Almost blindingly luminous with positive vibes and radiant optimism, Fly Me to the Sun is a collection of funky, sun-dappled compositions for synthesizer and live instruments like drums, bass and guitar. A dope blend of beatbox driven future jazz and electro pop.

The wonderfully sleaze-adjacent opener "Dhamma" includes some grandiose piano chords amid floating ambient sounds a la Steve Hillage with slick drums entering the fray at a languid pace. "Circulation" sounds like Bowie ran into Chaz Jankel during an extended stay in Los Angeles, the Thin White Duke emerging out of a studio at 6am, bleary-eyed and clutching this filthy, bleepy instrumental of sonic smut. "Magic Scenery" is as delicate and astounding as the title suggests, a deep ambient movement conjuring halcyon images of rolling fields with abundant fauna and flora; acid-tinged visions of intense colour and natural beauty. Cool, slo-mo breaks adorn the strutting melancholy of “Longing for Tomorrow” and “Nocturnal Flowers” to close out Side A.
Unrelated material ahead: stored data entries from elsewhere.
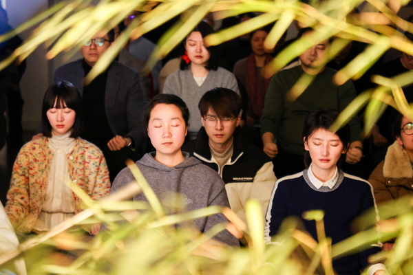 本次藝術(shù)周突破傳統(tǒng)演出框架,在參與感、體驗(yàn)性上作了大量創(chuàng)新設(shè)計(jì),將音樂聽賞體驗(yàn)升級(jí)為“沉浸式身心靈修復(fù)計(jì)劃”。特邀來自印度的資深瑜伽導(dǎo)師Mani引領(lǐng)觀眾通過呼吸冥想回歸身心本真;云南自然音樂人、手工樂器制作人阿堅(jiān)與笛簫演奏家孫源,攜親手斫制的原木、竹節(jié)等樂器登臺(tái),以風(fēng)聲、水滴、鳥鳴為靈感,奏響《山谷有聲》《空谷心音》《靈音凈心》等作品,將自然聲景的律動(dòng)引入西湖之畔。學(xué)院師生深度參與,國樂系杜竹松教授、章怡雯副教授帶領(lǐng)學(xué)生,用古琴獨(dú)奏、琴簫合奏等形式呈現(xiàn)了《流水》《關(guān)山月》《梅花三弄》等作品,讓觀眾感受到傳統(tǒng)國樂與自然美學(xué)深度融合的東方意境。每場演出均在參與共創(chuàng)的《詩經(jīng)·鹿鳴》音樂和鳴聲中圓滿落幕。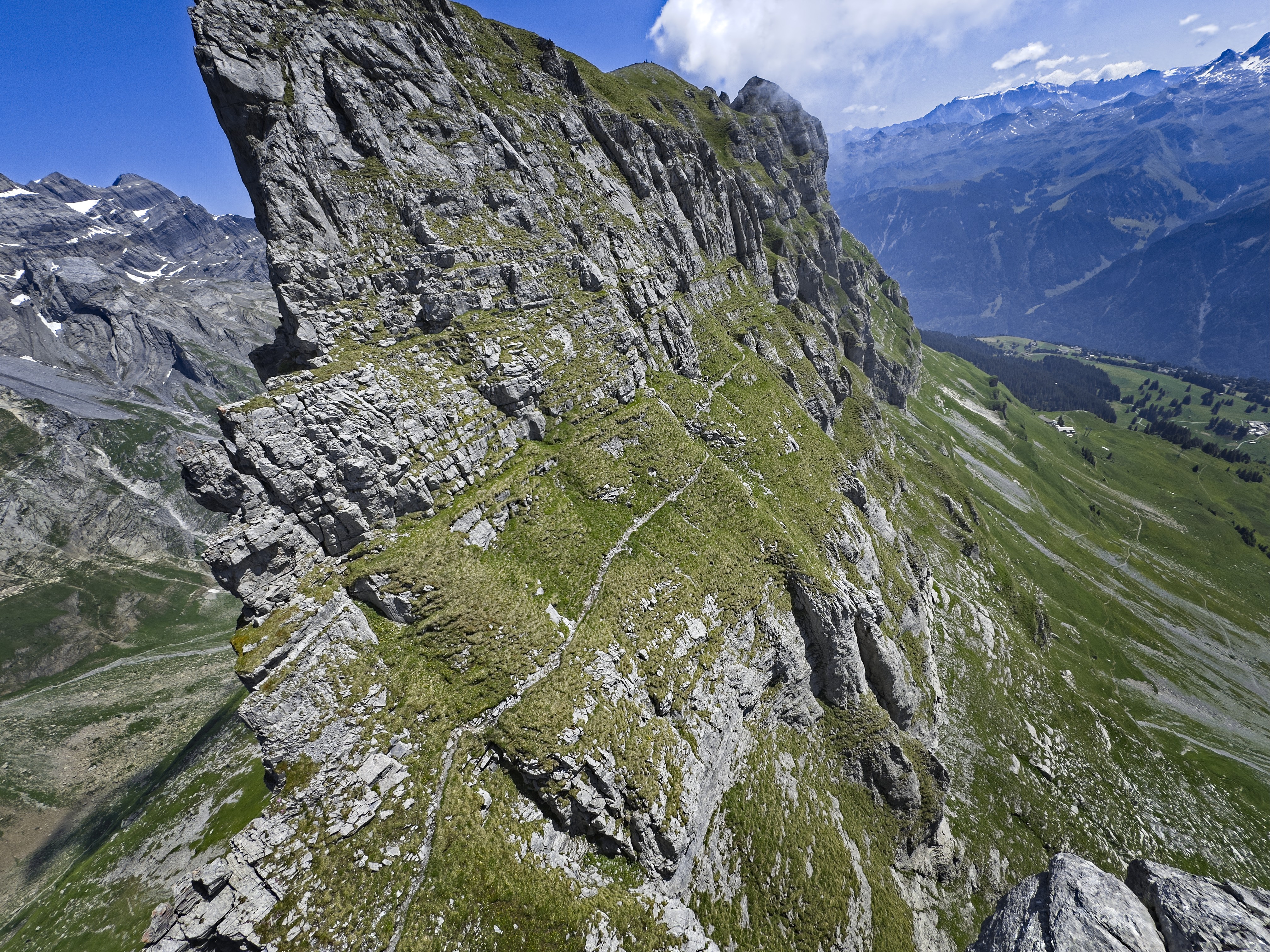 I wanted to do the Braunwalder Klettersteig today. I was walking at 9, which is actually too late in the heat. I resolved to skip breakfast the next two days so I could gain elevation in the cool morning. Working my way up, I reached the Gumen lift station, bought an Iced Tea drink, then walked up to the klettersteig at the east ridge of the Eggstock summits. There were a few people on the route, but not many despite the good weather. I started up, enjoying the pleasant climbing. I'd decided to climb the easier route right on the ridge because it seemed more scenic than the harder one, buried off in a corner on the south side of the ridge.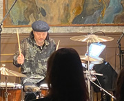 堀越 彰 Akira Horikoshi(Drums & Percussion) 1965年、東京生まれ。海老沢一博 氏、村上”ポンタ”秀一 氏に師事。日舞家の父の影響から日本の伝統音楽を敬愛する。1990年 山下洋輔ニュートリオでデビュー。伊藤多喜雄、夏木マリ、館形比呂一、パパ・タラフマラ、チェンミン、藤井郷子、等と共演。30カ国を超える海外公演に参加する。ピアノ深町純、バイオリン渡辺剛と「The WILL」、薩摩琵琶や尺八など邦楽器と「東方異聞」、パフォーミングアーツ「SOLO-ist」、尺八奏者・小濱明人と「LOTUS POSITION」、シルク・ドゥ・ソレイユのパフォーマー等と「INSTINCT」、クラシックピアノの三舩優子と「OBSESSION」など主催。デヴィッド・ルヴォー演出舞台監督作品に多数参加。都内に2ケ所のドラムスクールをを持つ。 (※今ライブのパンフレットより転載) |

Skip the title track, which opens up Side B, and head straight to “Birth of a Butterfly” for a slice of creeping digi-dub-soul niceness. This should've been front and centre of that Personal Space compilation a decade ago. Raising both the tempo and the temperature, “Riding on a Sunbeam” continues in the mesmerising cosmic funk style before "Osmosis", one of the clear stand-outs, presents a fine vintage synth solo over a mellow funky rubberband beat. The closing track, "Solar Heating", warms things up with slapped bass and bold drum machine beats and the synth lends Sci-Fi vibes to the dark dub-funk-reggae rhythm.

As David Hollander, in Unusual Sounds: The Hidden History of Library Music, states, Coloursound was "founded in 1979 by composer, music lawyer, and vibraphonist Gunter Greffenius. A Munich-based library with a reputation for releasing innovative and ambitious music, it catered largely to the market for experimental sounds, its first release was 1980’s Biomechanoid, an abstract synthesizer excursion by Joel Vandroogenbroeck, of the pioneering kosmische band Brainticket. The record — complete with imposing, anonymous title and unearthly H.R. Giger cover art — set the tone for the label’s progressive leanings. The label’s catalogue stands as a tribute to the unfettered creative license that libraries were able to provide to forward-thinking musicians who, frustrated by the whims and constraints of the commercial scene, found complete freedom in the world of production music."

As with all our library music re-issues, the audio for Fly Me To The Sun comes from the original analogue tapes and has been remastered for vinyl by Be With regular Simon Francis. Richard Robinson has brought the original Coloursound sleeve back to life in all its metallic silver glory.